By analyzing existing cross correlation between Tata Steel Limited and Neometals, you can compare the effects of market volatilities on Tata Steel and Neometals and check how they will diversify away market risk if combined in the same portfolio for a given time horizon. You can also utilize pair trading strategies of matching a long position in Tata Steel with a short position of Neometals. Check out your portfolio center. Please also check ongoing floating volatility patterns of Tata Steel and Neometals.

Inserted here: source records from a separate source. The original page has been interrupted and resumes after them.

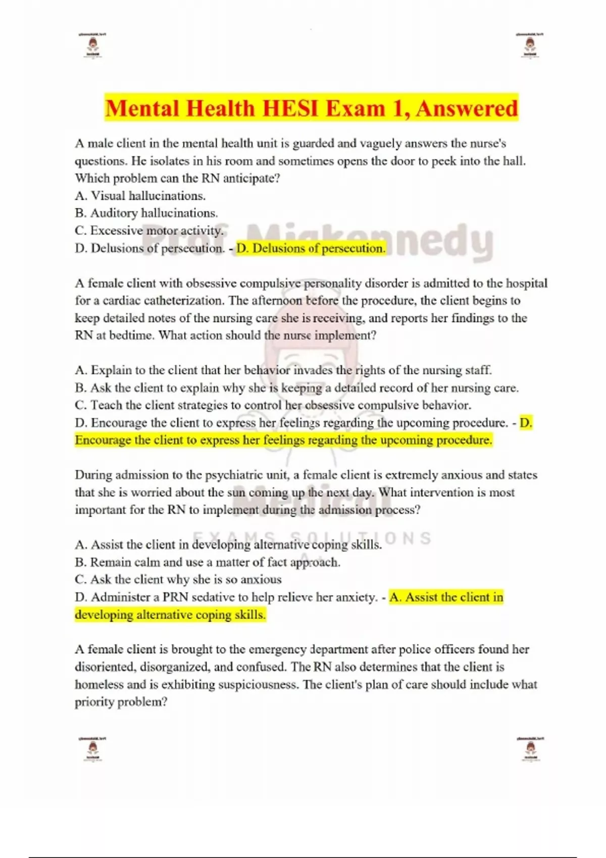 Mental Health HESI Exam 1 2024/2025, Answered-A male client in the mental health unit is guarded and vaguely answers the nurse's questions. He isolates in his room and sometimes opens the door to peek into the hall. Which problem can the RN anticipate? A. Visual hallucinations. B. Auditory hallucinations. C. Excessive motor activity. D. Delusions of persecution. - D. Delusions of persecution. A female client with obsessive compulsive personality disorder is admitted to the hospital for a cardiac catheterization. The afternoon before the procedure, the client begins to keep detailed notes of the nursing care she is receiving, and reports her findings to the RN at bedtime. What action should the nurse implement? A. Explain to the client that her behavior invades the rights of the nursing staff. B. Ask the client to explain why she is keeping a detailed record of her nursing care. C. Teach the client strategies to control her obsessive compulsive behavior. D. Encourage the client to express her feelings regarding the upcoming procedure. - D. Encourage the client to express her feelings regarding the upcoming procedure. During admission to the psychiatric unit, a female client is extremely anxious and states that she is worried about the sun coming up the next day. What intervention is most important for the RN to implement during the admission process? A. Assist the client in developing alternative coping skills. B. Remain calm and use a matter of fact approach. C. Ask the client why she is so anxious D. Administer a PRN sedative to help relieve her anxiety. - A. Assist the client in developing alternative coping skills. A female client is brought to the emergency department after police officers found her disoriented, disorganized, and confused. The RN also determines that the client is homeless and is exhibiting suspiciousness. The client's plan of care should include what priority problem? A. Acute confusion. B. Ineffective community coping C. Disturbed sensory perception. D. Self-care deficit. - A. Acute confusion. The occupational health nurse is working with a female employee who was just notified that her child was involved in a MVA and taken to the hospital. The employee states, "I can't believe this. What should I do?" Which response is best for the RN to provide in this crisis? A. Tell me what you think should happen. B. How serious was the collision? C. What do you think you should do? D. Call for transportation to the hospital. - D. Call for transportation to the hospital. A client tells the RN that he has an IQ of 400+ and is a genius and an inventor. He also reports that he is married to a female movie star and thinks that his brother wants a sexual relationship with her. What is the priority nursing problem for admission to the psychiatric unit? A. Ineffective sexual patterns. B. Impaired environmental interpretation. C. Disturbed sensory perception. D. Compromised family coping. - A. Ineffective sexual patterns. The RN is providing care for a client diagnosed with borderline personality disorder who has self-inflicted lacerations on the abdomen. Which approach should the RN use when changing this client's dressing? A. Provide detailed thorough explanations when cleansing wound. B. Perform the dressing change in a non-judgmental manner. C. Ask in a non-threatening manner why the client cut own abdomen. D. Request another staff member assist with the dressing change. - B. Perform the dressing change in a non-judgmental manner. While sitting in the day room of the mental health unit, a male adolescent avoids eye contact,looks at the floor, and talks softly when interacting verbally with the RN. The two trade places,and the RN demonstrates the client's behaviors. What is the main goal of this therapeutic technique? A. Initiate a non-threatening conversation with the client. B. Dialog about the ineffectiveness of his interactions. C. Allow the client to identify the way he interacts. D. Discuss the client's feelings when he responds. - C. Allow the client to identify the way he interacts.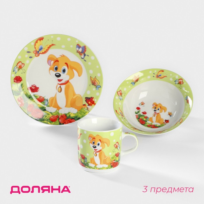 Набор детской посуды Доляна «Щенок», 3 предмета: кружка 230 мл, миска 400 мл, тарелка d=18 см, керамика, белый, зелёный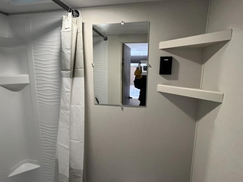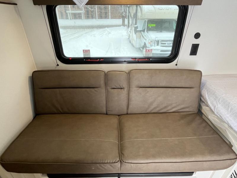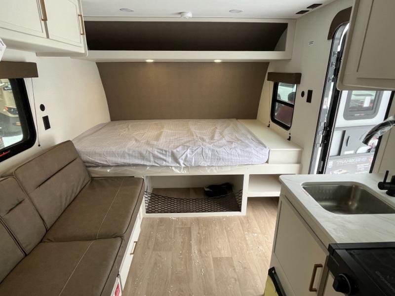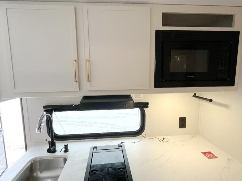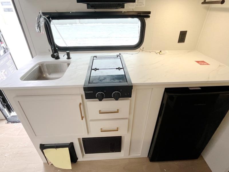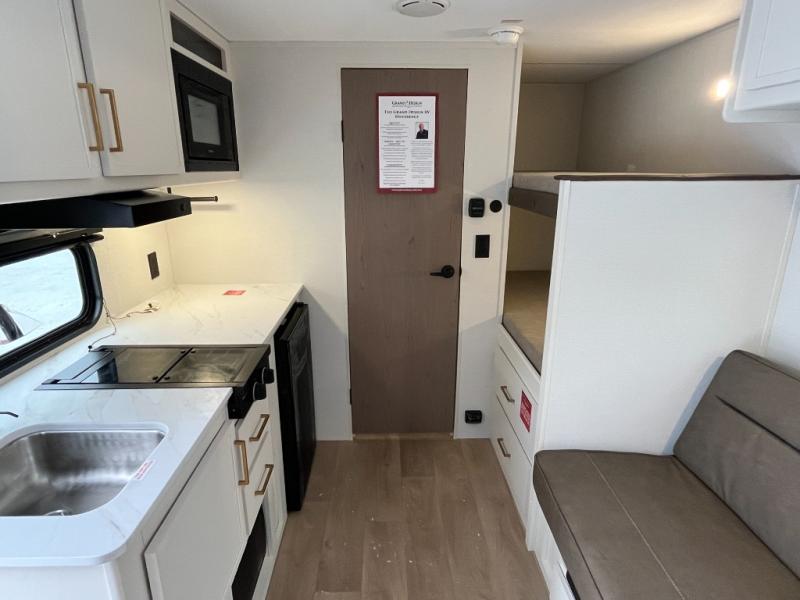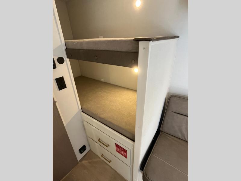 Camping trips to the lake have never been easier than with this travel trailer! The 28" x 67" bunks are right next to the private bath for easy nighttime use, and the front queen bed includes hidden storage for your things. There is also a 66" Jack knife sofa that provides a little more sleeping space for guests. A kitchen lets you cook meals each day and there is an exterior LP quick connect if you want to fire up your own propane grill.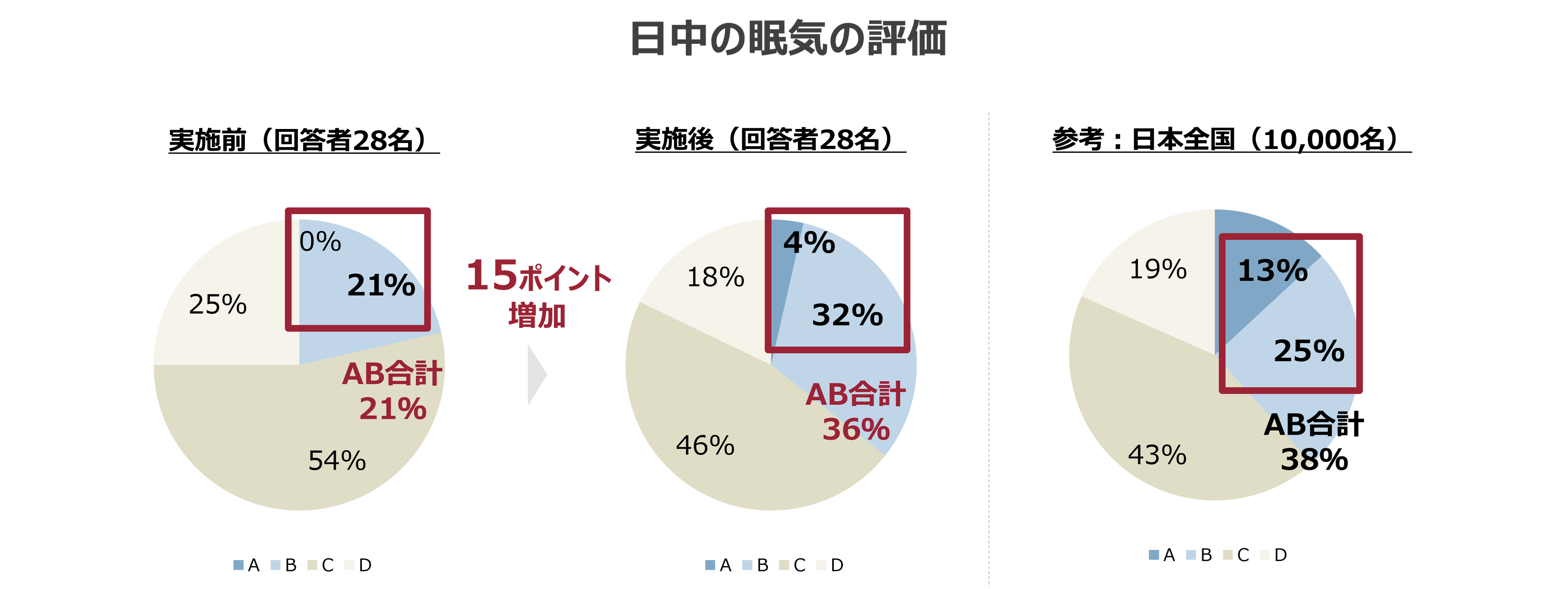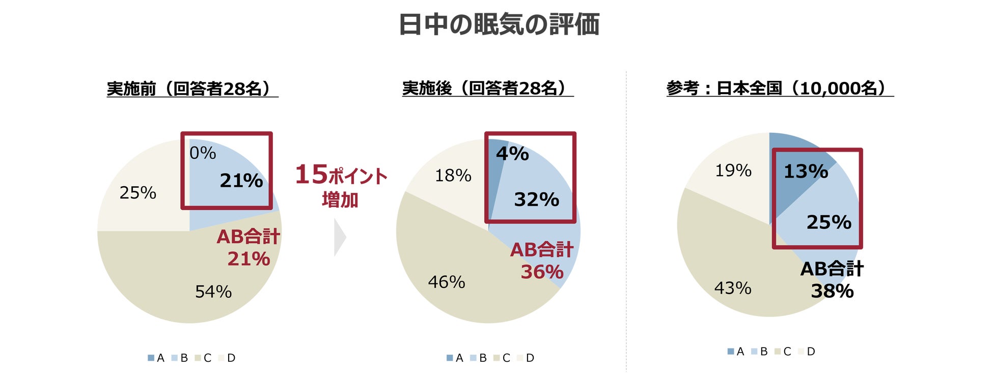 日中の眠気は4段階で評価され、DからAにかけてよい評価となります。A評価およびB評価に該当する人は、それぞれ実施前の0%、21%(AB合計21%)から、実施後の4%、32%(AB合計36%)に4ポイント、11ポイント(AB合計15ポイント)改善しました。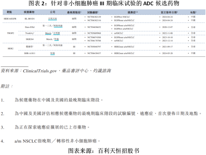 此外,截至最后实际可行日期,已有超过20种针对非小细胞肺癌的ADC候选药物正在进行临床开发。其中,进入III期临床试验的共有6种,BL-B01D1是全球首个亦是唯一进入III期临床开发的双特异性抗体ADC。

Diversification Opportunities for Tata Steel and Neometals

0.63
  Correlation Coefficient

Poor diversification

The 3 months correlation between Tata and Neometals is 0.63. Overlapping area represents the amount of risk that can be diversified away by holding Tata Steel Limited and Neometals in the same portfolio, assuming nothing else is changed. The correlation between historical prices or returns on Neometals and Tata Steel is a relative statistical measure of the degree to which these equity instruments tend to move together. The correlation coefficient measures the extent to which returns on Tata Steel Limited are associated (or correlated) with Neometals. Values of the correlation coefficient range from -1 to +1, where. The correlation of zero (0) is possible when the price movement of Neometals has no effect on the direction of Tata Steel i.e., Tata Steel and Neometals go up and down completely randomly.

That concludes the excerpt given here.